A Go-To Veggie Side Dish
Could greens really be this good?? Every time I eat this dish I am surprised how much I am enjoying a plate of green vegetables. The combination of gai lan (aka Chinese broccoli) and savoury oyster sauce is a match made in heaven and a classic for a reason.
You might be familiar with a Chinese restaurant dish with long stems of steamed gai lan on a plate with oyster sauce drizzled on top, and this is a similar idea except BETTER! It's all cut up so you don't have to try to eat whole stems of gai lan while trying to be graceful about it (it doesn't happen). And because it's stir-fried, the flavours of the sauce are absorbed into the vegetables making them extra flavourful. Not the mention the soft, chunky garlic pieces, those are the cherry on the sundae!
Preventing Chewy Gai Lan
Chinese broccoli, especially older ones, can be chewy, but this isn't a problem if you know how to deal with them.
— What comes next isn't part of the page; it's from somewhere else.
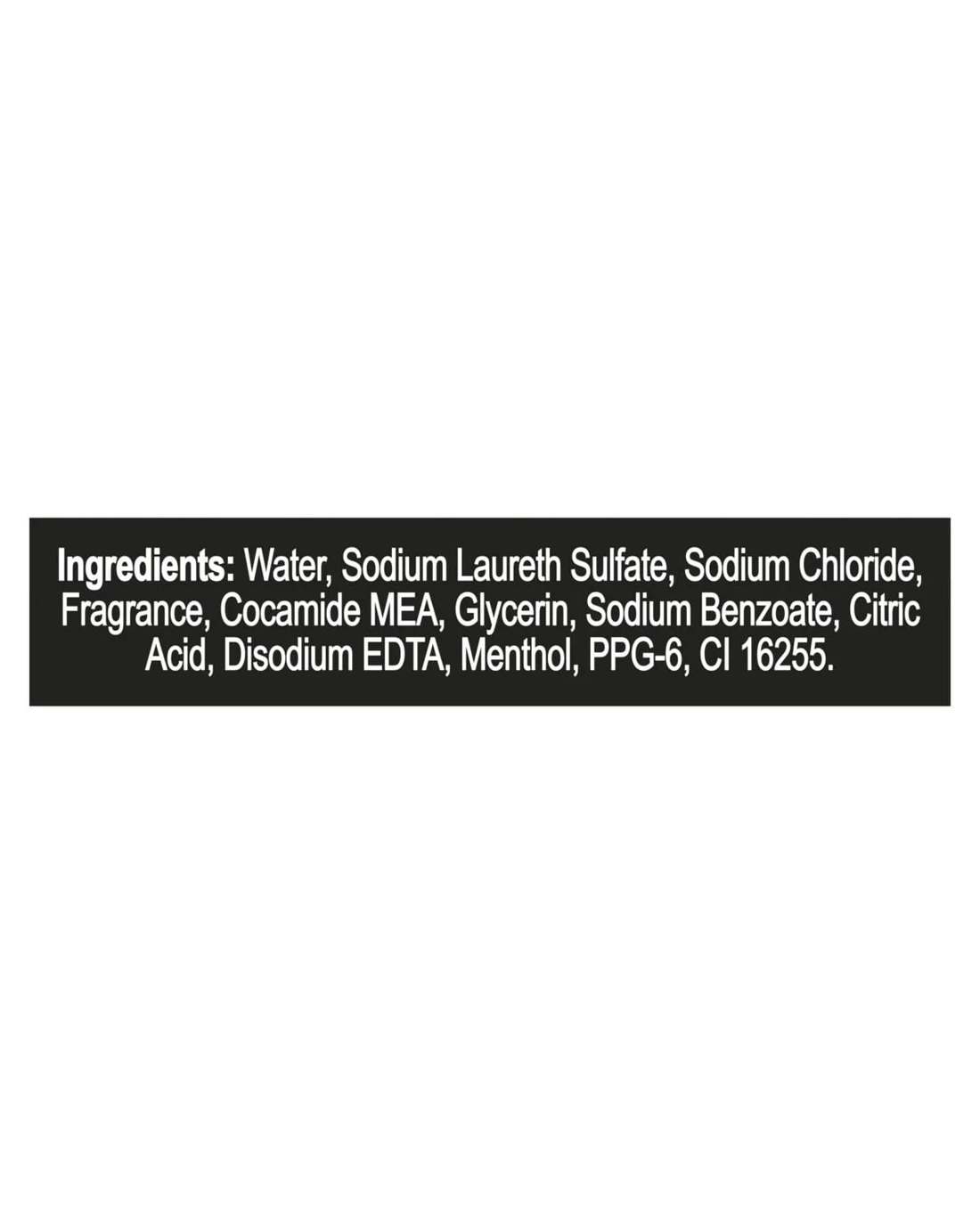 - Ingredients: Water, Sodium Laureth Sulfate, Sodium Chloride, Fragrance, Cocamide MEA, Glycerin, Sodium Benzoate, Citric Acid, Disodium EDTA, Menthol, PPG-6, CI 16255

As shown in the video, you want to make sure you slice any thick stems thinly (on a bias so you still get nice large pieces) and then you won't need to peel the stems as some people might do.
For the leaves, make sure you only cook them until they're wilted and remove them from the heat immediately. Cooking gai lan for a long time tends to make leaves that are super wilty and chewy.
Watch The Full Video Tutorial!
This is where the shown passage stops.